Бездвижный и безмолвный, жрец стоял, подобный статуе, созерцающей бесконечную пустоту. Яростный удар безрассудного принца, рассекший щеку Придатка Айши, пронзил его, духовного отца Хаффы, насквозь. Голосами тысяч стонала раненая душа, требуя отмщения вероломному клинку.
- Что тебе нужно, Высший? – опомнившись, едва слышно прошелестел Менетах.
Дурные предчувствия точили тишину, как вода точит камень. Душный воздух кольцами обвивался вокруг рукоятей, лишая холодной ясности рассадка – дара Творца Блистающим.
- Того же, чего жаждет любой, - отозвался Фахраш, заставив придатка смахнуть с рукояти несуществующие пылинки. – Понять, что случилось. Я не верю, что лишь случайность вела лезвием сиятельного шах-заде. Это неспроста произошло здесь и сейчас, такие вещи вообще редко отмечены лишь клеймом случайности!
- Случайность или нет, - горько вздохнул Менетах, - ныне меня заботит иной вопрос: что будет теперь?.. как откликнется Хаффа на столь ужасное преступление да еще и свершенное не безымянной бродягой, а сыном самого шаха! Не стали ли мы только что свидетелями начала конца?..
Придаток Менетаха смахнул с грубой щеки слезу. Впервые Двуязыкий видел старейшего из жрецов без железной маски, которую копеш не снимал даже перед гардой самых верных слуг.
- Что до принца... - продолжил Менетах, и в голосе его неуверенность и сомнения заглушали все остальное, - те дела будут решать судьи. Так сказал шах...
- У нас с тобой не так много общего, - Фахраш словно перекидывал слова между двумя лезвиями, прежде чем дать их услышать старому жрецу, - но конец той Хаффы, которую мы знаем, не нужен ни мне, ни тебе. Неужели не было никаких знамений, никаких предвестников? Зная корни зла, достаточно перерезать их, и не надо тупить лезвия, разрубая бесчисленные ветки ядовитого древа! Не знаешь ли ты чего-то, что кажется необычным? Что могло толкнуть руку Ашшира? Или кто? Ведь не воля же Творца!
Он помолчал, давая копешу время прийти в себя после веерной атаки вопросами, которые летели, подобно ножам Бао-Гунь.
- Прости, жрец... А что до судей – надо знать, кто ими будет.
- Были предзнаменования, - рассеянно прошептал Менетах, - однако слишком запоздало... юная Месектет принесла новости...
Жрец поднял мутный взгляд, скользнул им по развдоенному клинку Двуязыкого.
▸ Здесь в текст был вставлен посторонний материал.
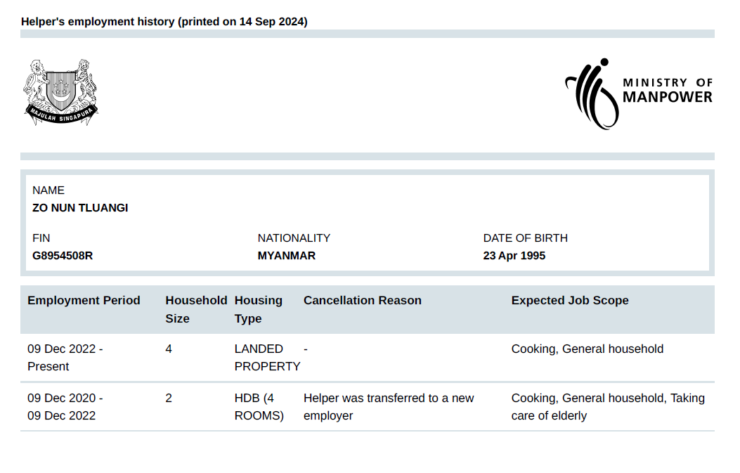'ZO NUN TLUANGI, from Myanmar, has experience in general household work such as cleaning, laundry, ironing, etc. They are responsible, confident, and trustworthy. They speak English and are good with both children and the elderly.'

Дрожь пробежала по клинку старика, словно его пронзило полное понимание того, что доселе было скрыто.
- Однако... однако время покажет, - бросил Менетах, поспешно подбирая слова, - что до судей, то на все воля шаха. Думаю, Фахраш Двуязыкий, всему свой час.
Фахраш покачнулся в ножнах, кисточка обвила гарду, словно вцепилась в нее. И, хотя Блистающие не сознавали того, Придаток Шемир смотрел на жреца так, словно хотел встряхнуть его за плечи, вырвать из глубоких ножен оцепенения и покорности, в которые так легко провалиться.
- Какие знамения? Расскажи! Может быть, они говорят еще о чем-то, что не поздно предотвратить! Что с тобой, жрец? Ты никогда не отчаивался, неся жителям жемчужины пустыни волю Творца!
- Юная Месектет сегодня ночью грезила, - после короткого раздумья произнес Менетах, - она слышала голос дремлющего Пророка, коий вложил в ее уста предсказание. И сейчас я вижу, что оно сбылось...
Впервые Менетах расточал тайны столь щедро. Вникая, Двуязыкий не переставал удивляться тому, что старый хитрец, искуснейший из интриганов Хаффы, не просит ничего взамен. Видимо, так велико было потрясение.
Впрочем, Фахраш тоже был поражен. Голос молчаливого... Возможно ли это? Вчера зюльфакар замер бы на месте, но сегодня... Сильнее потрясти его было невозможно.
- И что же сказал Марукку? - голос взволнованно задребезжал.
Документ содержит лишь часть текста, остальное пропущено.